| AIM OF THE TASK |
Given the entries that follow, write out exactly the lines starting at the one containing "The plain pass-through" and ending at the one containing "Afghan border police", both ends included, and only those.

| DATA SUPPLIED |
--- START ---

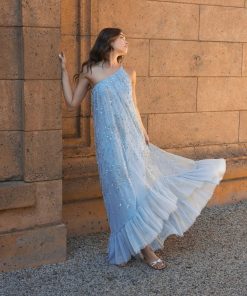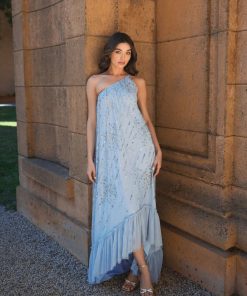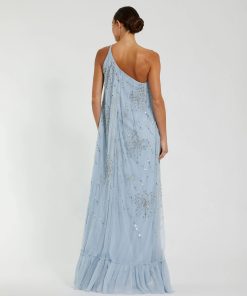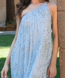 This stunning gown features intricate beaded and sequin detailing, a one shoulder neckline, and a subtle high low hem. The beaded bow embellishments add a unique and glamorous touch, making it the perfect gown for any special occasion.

--- END ---
--- START ---

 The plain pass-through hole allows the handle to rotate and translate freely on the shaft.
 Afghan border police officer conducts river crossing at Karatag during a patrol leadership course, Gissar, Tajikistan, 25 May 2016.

--- END ---

| RESULT FOR THIS TASK |
 The plain pass-through hole allows the handle to rotate and translate freely on the shaft.
 Afghan border police officer conducts river crossing at Karatag during a patrol leadership course, Gissar, Tajikistan, 25 May 2016.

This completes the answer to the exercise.